L'Américain Yahoo! n'aidera pas le Français Dailymotion à se développer
Nous venons d'assister à un nouveau clash entre un groupe international et l'Etat français actionnaire. La scène ayant eu pour décor, le 12 avril dernier, le bureau du ministre du Redressement productif Arnaud Montebourg. Autour de la table : ledit ministre, le directeur financier de France Telecom-Orange, Gervais Pellissier, et le numéro 2 de Yahoo!, le francophone et francophile Henrique de Castro, venu proposer de reprendre pour 230 millions d'euros 75% du site de vidéos détenu par Orange. Le patron de l'opérateur français, Stephane Richard, et ses équipes, n'avaient pas ménagé leur peine pour trouver le bon prétendant.
Seulement voilà, France Telecom Orange est détenu à 27% par l'Etat et le ministre Arnaud Montebourg a signifié avec des mots très fermes, devant les principaux intéressés, qu'il ne laisserait pas partir Dailymotion dans des mains étrangères. Stephane Richard était proche d'un accord plus ''soft'' avec Yahoo mais les propos du ministre ont tout anéanti en l'espace de quelques minutes.
N'est-ce pas le rôle de l'Etat actionnaire d'imposer ses vues ?*
Le reproche que l'on fait souvent à l'Etat est de résonner en termes comptables et pas assez en termes stratégiques. Et puis encore une fois, l'Etat ne détient que 27% de l'opérateur télephonique. Une petite phrase lâchée ce matin dans Les Echos par son patron Stephane Richard en dit long sur les relations avec la tutelle : ''Dailymotion est une filiale d'Orange et non de l'Etat, dit-il... c'est le groupe, sa direction et son conseil d'administration qui gèrent ce dossier''.
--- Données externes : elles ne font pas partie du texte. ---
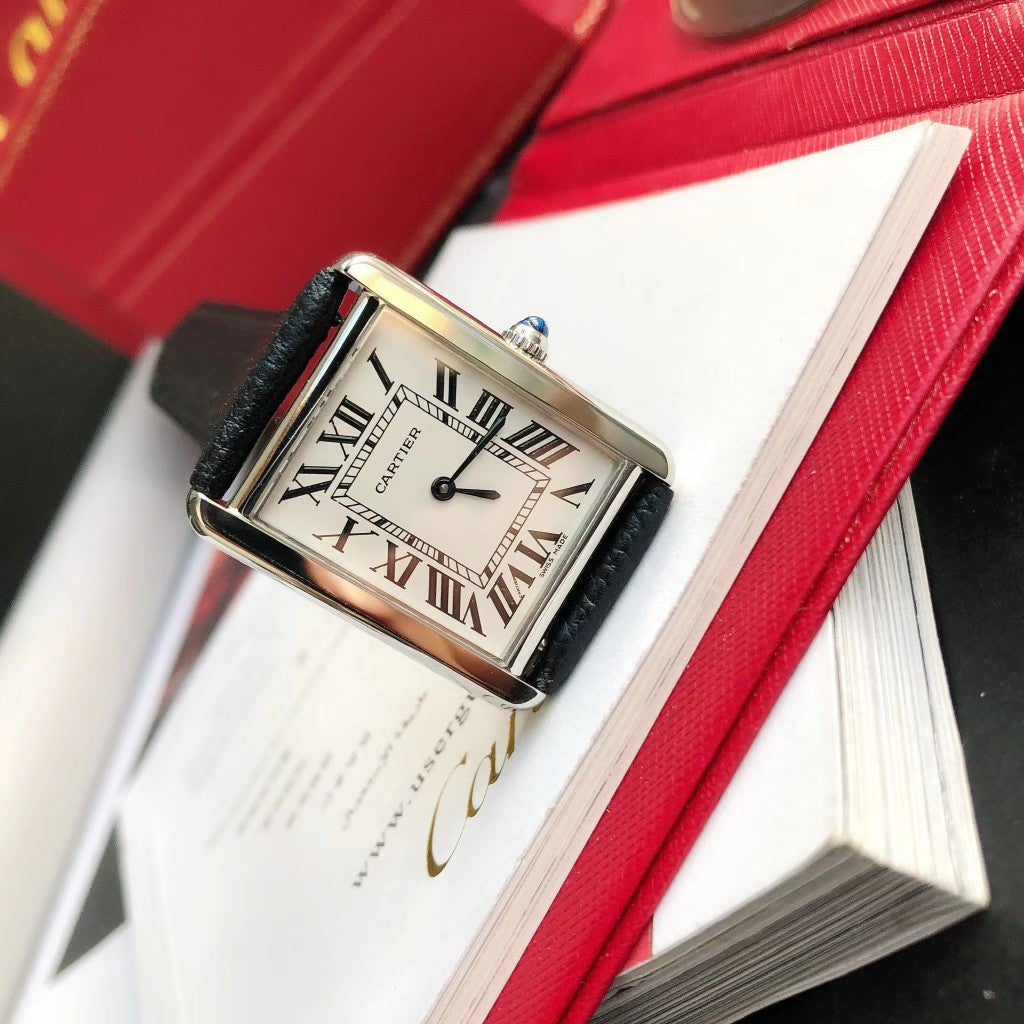 TANK SOLO SILVER CASE BLACK CALFSKIN LEATHER

La colère gronde également dans les couloirs du ministère des PME et de l'Economie numérique car la ministre Fleur Pèlerin s'était beaucoup investie dans ce dossier.
Dans l'absolu, c'est un véritable échec pour France Telecom ?
Sa filiale Dailymotion est une pépite (2 milliards et demi de vidéos visionnées par mois sur internet, 120 millions de visiteurs uniques), mais une pépite qui a besoin de grandir face à la concurrence, notamment celle de l'américain YouTube, filiale de Google. La vidéo en ligne génère aujourd'hui plus de recettes publicitaires que les contenus traditionnels. L'enjeu est crucial. Ce dont a besoin Dailymotion n'est pas tant de l'argent frais qu'un véritable adossement à un partenaire industriel stratégique. La piste Yahoo! est probablement enterrée pour un bon bout de temps. Elle aurait pourtant permis au français de renforcer sa présence à l'international, de développer les nouveaux usages de l'internet comme le télephone mobile et d'étoffer ses équipes, y compris en France.
Mais le risque de prise de contrôle de l'ensemble par Yahoo n'était-il pas réel ?
La jeune et ambitieuse patronne du groupe américain Marissa Meyer, 38 ans, a bien senti l'opportunité de se développer en Europe. A défaut d'un véritable rachat, l'accord visait un donnant-donnant : renforcement de Dailymotion aux Etats-Unis et celui de Yahoo! sur le Vieux Continent. Maintenant Yahoo! va chercher un nouveau partenaire... Arnaud Montebourg vient d'envoyer un mauvais signal aux investisseurs étrangers... Dailymotion en restera certainement la victime collatérale.